In the recent settlement of class action litigation which we brought on behalf of shareholders against Bristol-Myers Squibb, we achieved the disclosure that Dr. Angell urges. In addition to funding a $185 million settlement for shareholders, BMS agreed to publicly disclose on its Web site a description of its clinical trials, trial results, and safety results, including reporting of adverse events seen during the trials. As a result, for the first time, anyone taking a drug manufactured by BMS will have instant access to crucial information about the drug, especially serious side effects.

The reforms achieved in the BMS litigation implement many provisions of the proposed Fair Access to Clinical Trials Act of 2005, a bill introduced in the House of Representatives and in the Senate, but which has not been passed to date, to which Dr. Angell alludes. We agree with Dr. Angell that when unfavorable trial results are hidden, consumers are led to believe that drugs are safer than they in fact are. Transparency of clinical trials is a critical requisite for an informed population of doctors, patients, consumers, and shareholders. In addition, we believe this example shows how the class action process can bring about important policy changes as well as providing investor compensation.

Thomas A. Dubbs

Partner

Labaton Sucharow & Rudoff LLP

New York City

Marcia Angell replies:

The agreement between Mr. Dubbs’s firm and Bristol-Myers Squibb, which I can well imagine was hard won (the company touts its “disclosure commitment” on its Web site without mentioning the class action settlement), is a step in the right direction, but there are important loopholes.
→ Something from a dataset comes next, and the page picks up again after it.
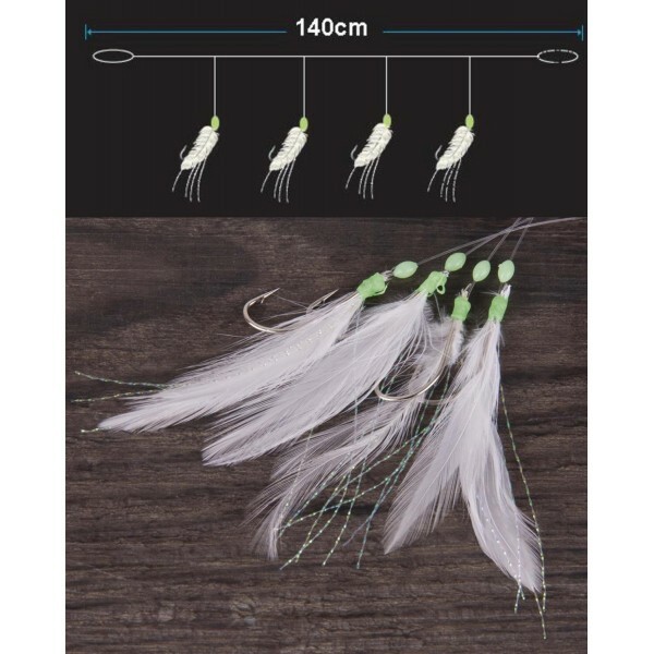 Systém pro lov makrel se čtyřmi háčky. Bílá barva je lákavá. Nad háčkem jsou fluorescenční korálky a na háčku je bílé peří se stříbrnými střapci.

For example, results need only be disclosed for clinical trials of drugs already on the market, not trials performed to get marketing approval from the FDA in the first place, and disclosure may be delayed for up to two years, and perhaps even longer under certain circumstances. And, of course, the agreement involves just one company.

What is needed is a statute that would require all drug companies to register all clinical trials at inception in a central, publicly administered database (not just the company’s own Web site), as a condition of enrolling human subjects. Registration should include enough details about how the proposed study will be performed to make it impossible to alter the trial in midstream to emphasize emerging positive results and suppress negative ones. When a trial is completed, the major results should be added without delay.
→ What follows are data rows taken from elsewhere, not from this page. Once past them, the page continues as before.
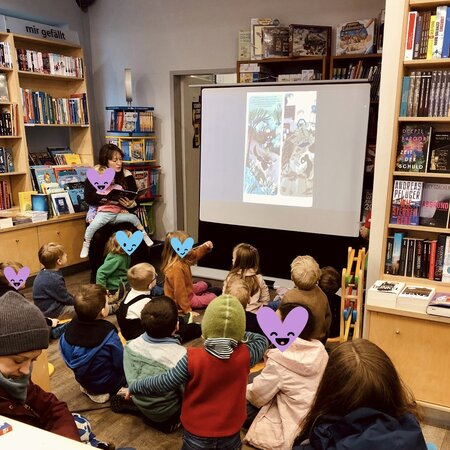Die Bilder zur Geschichte projizieren wir auf eine kleine Leinwand im Laden, ein echtes Bilderbuchkino eben!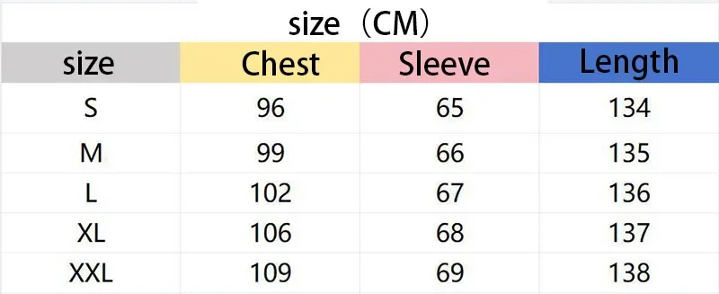 size_info: {"sizeInfoList":[{"length":{"cm":"96","inch":"37.80"},"size":"S","vid":-1},{"length":{"cm":"99","inch":"38.98"},"size":"M","vid":-2},{"length":{"cm":"102","inch":"40.16"},"size":"L","vid":-3},{"length":{"cm":"106","inch":"41.73"},"size":"XL","vid":-4},{"length":{"cm":"109","inch":"42.91"},"size":"XXL","vid":-5}]}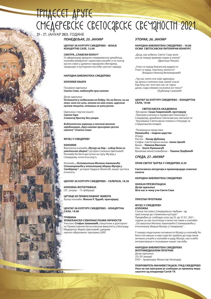 CENTAR ZA KULTURU SMEDEREVO – KONCERTNA SALA, 19.00SVETOSAVSKA AKADEMIJA- Besednik: Saša Gavrilović, protojerej- Program učenika i profesora Gimnazije u Smederevu, domaćina Svetosavskih svečanosti- Uručivanje Svetosavske povelje i Nagrade za stvaralaštvo mladih- Pozorišna predstava:Nemanjići – podela carstva Igraju: Rastko – Lazar Dubovac Stefan /svetogorski monah–Janko Cekić Vukan – Nikola Ivačkov Ana – Zlata Numanagić Vukanova žena/snoviđenje – Tašana Đorđević SREDA, 27. JANUAR

Companies protest that disclosing results before FDA approval would jeopardize their competitive position, but that is not a persuasive argument. Drugs are almost always patented well before clinical trials begin, so disclosure would not permit competitors to beat a company to the patent office. It is conceivable, though not likely, that competitors might learn sooner than they otherwise would about pitfalls to avoid in developing similar drugs; but that would be a gain for the public that should outweigh any proprietary interest. I can only conclude that drug companies’ resistance to registering all trials and promptly disclosing results means they have something to hide.